「唐津城」は、佐賀県唐津市に有った城で、別名、「舞鶴城」と呼ばれ、その名は天守を鶴の頭に見たてると、左右の「虹の松原」が翼を広げた鶴に見える事から由来しています。 天守の形式は、複合式望楼型五層五階地下一階で、天守の存在には、懐疑的な意見も有りますが、現存するものは、1966年に再建された模擬天守です。

1608年から、秀吉の家臣、寺沢広高によって築城され、江戸時代を通じて唐津藩の藩庁となりました。その後の城主は、寺沢氏、土井氏 水野氏、小笠原氏で明治まで続きます。 寺沢家改易後は、代々譜代大名が治める事となりますが、唐津城主は、後に、幕府の重職に就く事が多いようです。築城に際し、東唐津側と地続きであった満島山を切り離し、松浦川がそこから唐津湾に注ぐように、流路を変更する大改造を行いました。

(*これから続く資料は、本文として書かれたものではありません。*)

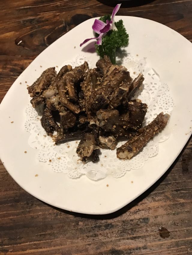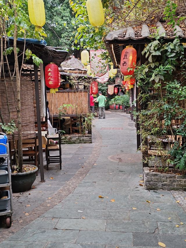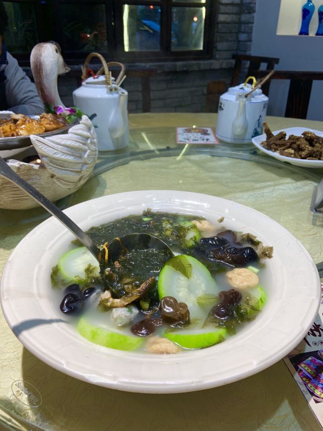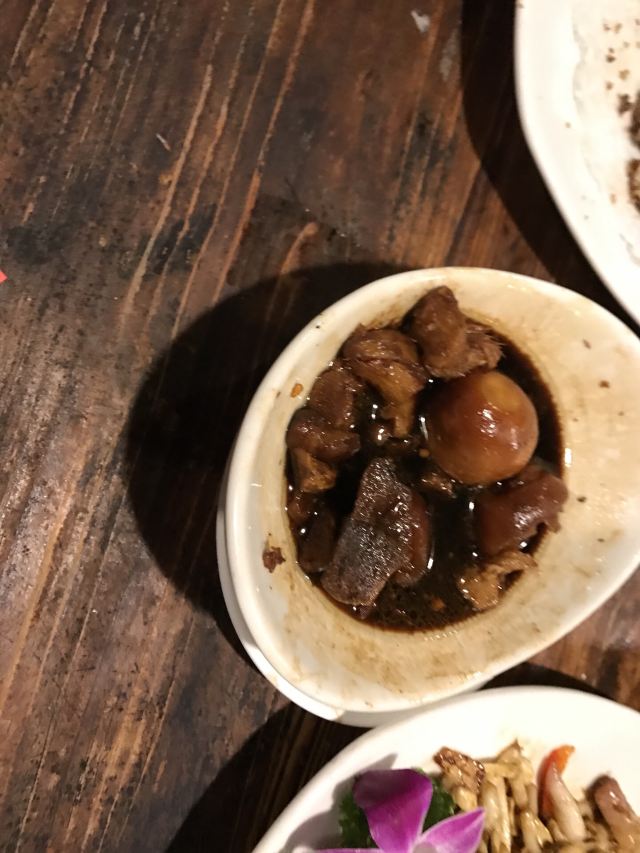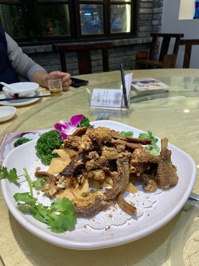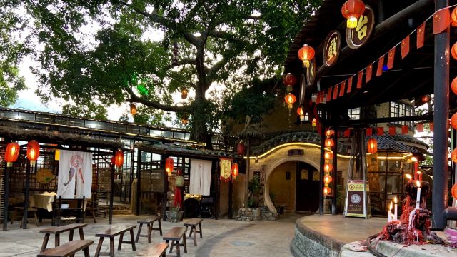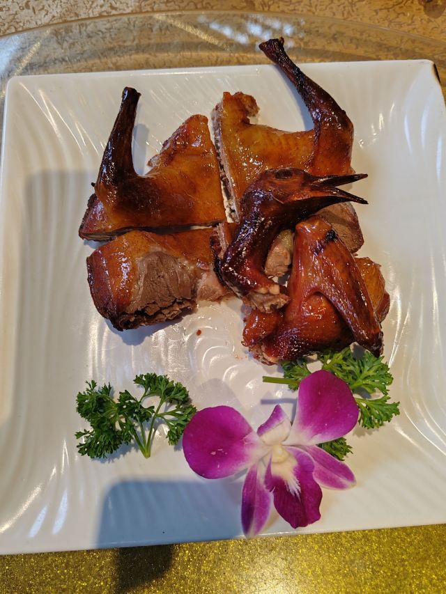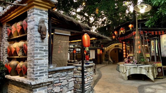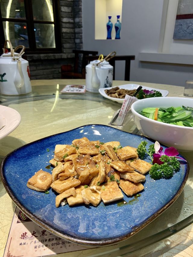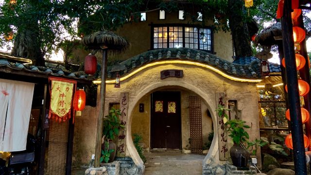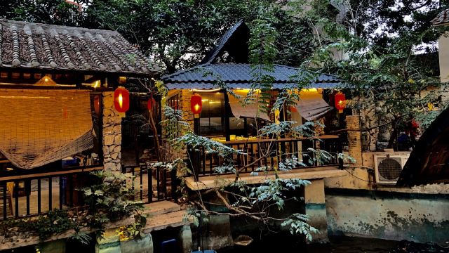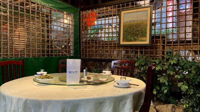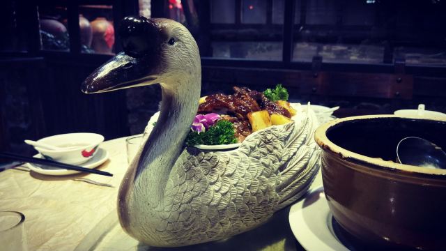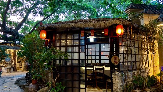 被惊艳到的一家餐馆!!!建议必去!!! [薄荷]环境: 餐馆在一个小村里,看门面以为仅仅是家私房菜,进店后还没吃就被吸引了,四处鸟语花香, 每个包间错落有致,有室内包间、草屋包间、庭院包间、小艇包间…装饰各异,一开始以为是原本的大院改建,却听说是特意做旧,用回收的旧材料重新建的,真是惊掉我的双下巴,还有老板这么花功夫经营一家餐馆。 [服务铃]服务: 服务员没有过分刻意的服务,让到来的人自己感受现场的环境,品味该餐馆的美食,棒棒哒 以为只是环境有心思还很不够,这里的菜品也是扛扛滴,不是很名贵的菜肴,但有吃得出的心思。[调皮] 「五味鹅」虽然整只鹅上,实际分量不大,天气冷,底下有小火加热,鹅肉还是有点凉,不过味道咸淡适宜,非常入味,鹅肉松软,可轻易咬开。 「陈皮鸭翅」很喜欢的一道菜,陈皮味很清新,下酒下饭都很不错。 「沙姜乳鸽」味道是不错的,但乳鸽腌制的时间可能过长,肉质有点不是很新鲜的样子。

また、廃城となっていた名護屋城の遺材を使用し、九州各地の諸大名の助力を得て築城した名残として、柳川堀、佐賀堀、肥後堀、薩摩堀など普請に協力した大名の領地名が堀の名に残されています。この為、普請が早かったと伝えられています。唐津湾に突き出た満島山上に本丸が配されて、西側に二ノ丸と三ノ丸が配された連郭式の平山城です。北面は唐津湾に面するため海城とも呼ばれ、山口県の萩城とともに現在も直接海にそびえる石垣がみられます。

築城当初は、天守が存在していたと言われる事も有りますが、1627年の幕府の記録には、天守の存在は記されていない他、天守の存在を示す資料は確認されていません。天守を描いた絵図や設計図もなく、現在の天守は慶長期の様式で建築されていたと想定して、1966年に造られたものです。

広高は、松浦川の流路変更に見られるように、土木事業に長けており、防風林として松原の保護育成を行いました。後に、これが、日本三大松原として、今日に残る名勝「虹の松原」となっています。 広高の子の堅高は、天草の乱の時に、一揆で攻められた騒動の責任を取らされ、領地を没収されました。堅高は寮内の凶作や減封、キリシタンへの弾圧などを苦に、1647年に、江戸藩邸で自殺してしまいます。また、嗣子がなかったために、寺沢家は断絶となりました。

1871年、廃藩置県により廃城となり、民間へ払い下げの為、解体されましたが、1877年には、舞鶴公園として整備され、開放されています。1966年、文化観光施設として、五層五階の模擬天守が築かれ、門、櫓も同時に再建されました。1989年、唐津市役所前に肥後堀と石垣を復元。1992年、二ノ丸跡に時の太鼓を復元、1993年、市役所付近に三の丸辰巳櫓が復元されました。